États d’âme d’une rapporteure de commission
Cinq ans pour 1 franc par jour. Cinq minutes pour revoir sa copie. De la gratuité au consensus, au couteau dans le dos, au compromis du compromis.
Ergoter sur la virgule, avoir le dernier mot, une impulsion irrépressible qui a failli détruire 5 ans d’ajustement, de patience, de renoncement et d’espoir.
Vingt-deux séances, 5 ans, 1 arrêt du Tribunal fédéral qui torpille l’initiative de départ. Des pistes explorées, abandonnées, reprises. Un compromis : 69 % de rabais sur l’abonnement Onde Verte 5 zones, ramené à CHF 365 par an, 1 franc par jour ; les jeunes de moins de 25 ans, en formation ou non. En commission, 10 voix contre 2 et 1 abstention.
On sort d’un tel vote avec un certain soulagement.

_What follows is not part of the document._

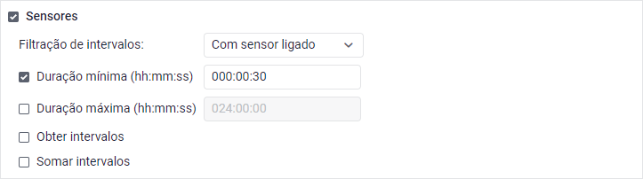 | Somar intervalos | Esta opção só pode ser utilizada se os campos Duração mínima e/ou Duração máxima estiverem preenchidos. Se habilitada, somam-se todos os períodos em que o sensor esteve ligado ou desligado dentro do intervalo do relatório e o resultado é comparado com o valor de duração especificado. Caso o valor atenda à condição, o intervalo será mostrado no relatório. Exemplo. Um relatório de viagens com o sensor ligado é executado. O valor de 60 segundos é indicado no campo Duração mínima. A opção Somar intervalos está ativada. Durante a viagem, o sensor ficou ligado por 20 segundos, por 30 segundos e depois por 15 segundos, ou seja, um total de 65 segundos. Este valor atende à condição de duração mínima, portanto, a viagem será mostrada no relatório. |
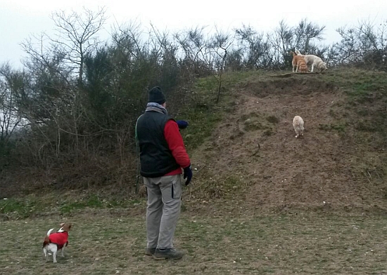 Keiner weiß wie, war er auf einmal nicht mehr auf dem Weg, sondern auf dem Acker und bei dem Versuch wieder zu uns zu kommen, stolperte er in eine vereiste Ackerfurche und stand auf einmal auf dem Kopf!

Pas de la fierté, mot trop grand pour de l’épuisement utile. Le sentiment d’avoir fait quelque chose de rare : un accord construit sur des renoncements mutuels.
La gauche a lâché l’inclusion des bénéficiaires de prestations complémentaires et bien davantage si l’on repart du début : une initiative demandant la gratuité pour tous·tes. La droite a lâché le plafond à 50 % et la limitation aux jeunes en formation. C’était le prix du compromis. Les deux parties le savaient.
Deux jours avant la plénière, le groupe PLR-Centre dépose 2 amendements. Taux réduit à 60 %. Restriction possible aux jeunes en formation. Le concept « 1 franc par jour » s’évanouit : à 60 %, l’abonnement coûte CHF 471, 1 franc 29 par jour. Ce n’est plus le même projet.
Ce qui frappe n’est pas le désaccord politique. Des positions différentes, il y en a eu tout du long. C’est le moment choisi et ce qu’il signifie : les concessions de la droite sont revues, pas celles de la gauche. Les bénéficiaires de PC restent exclus. L’équilibre négocié est défait unilatéralement, à 48 heures du vote, par des acteurs l’ayant accepté.
On peut appeler ça de la tactique. On peut se demander ce que ça dit de l’état de nos institutions.
Le travail de commission n’est pas un préliminaire formel. C’est là que la loi se fabrique, dans la durée, loin des tribunes. Sa légitimité repose sur une règle implicite : ce qui y est négocié a une valeur. Si une torpille dogmatique propulsée à l’énergie de l’arrogance peut défaire en plénière ce que la commission a construit, à quoi sert ce travail ? La question n’est pas rhétorique, elle est stratégique.
Si les règles du jeu changent, si le consensus tombe la veille du vote, nos méthodes devront changer. Négocier autrement, anticiper les retournements, rendre les compromis publics avant qu’ils puissent être remis en cause sans coût politique. Accepter que la voie populaire directe passe de dernier recours à outil de premier plan.
Derrière la séquence institutionnelle, il y a une réalité concrète : des jeunes qui prennent ou non l’habitude des transports publics entre 18 et 25 ans, et qui la gardent. Chaque point de rabais en moins est un seuil d’adhésion moins facilement franchi. Chaque restriction de périmètre, une mesure de politique climatique rétrécie. Or le climat ne se négocie pas en commission.
À l’aube du 24 mars, la négociation a repris. Une dernière chance. Impossible d’écorcher encore un projet dénaturé, de céder au chantage sans regagner des plumes. Il est inconfortable de baisser sa culotte, à gauche ou à droite.
Nous avons réussi à préserver nos intimes convictions et tenu la culotte à bonne hauteur. Pas les 69 % de la commission, mais 66 % portés par 66 voix (le graal de la majorité qualifiée), pour tous les moins de 25 ans, pendant 2 ans. Une victoire de la négociation et de la substance. Un pas vers une mobilité plus accessible et équitable, une base pour aller plus loin.
Y voir une validation du système serait aller vite. C’est la résistance à la pression de dernière minute qui a fonctionné, pas la règle du jeu. La question posée reste entière.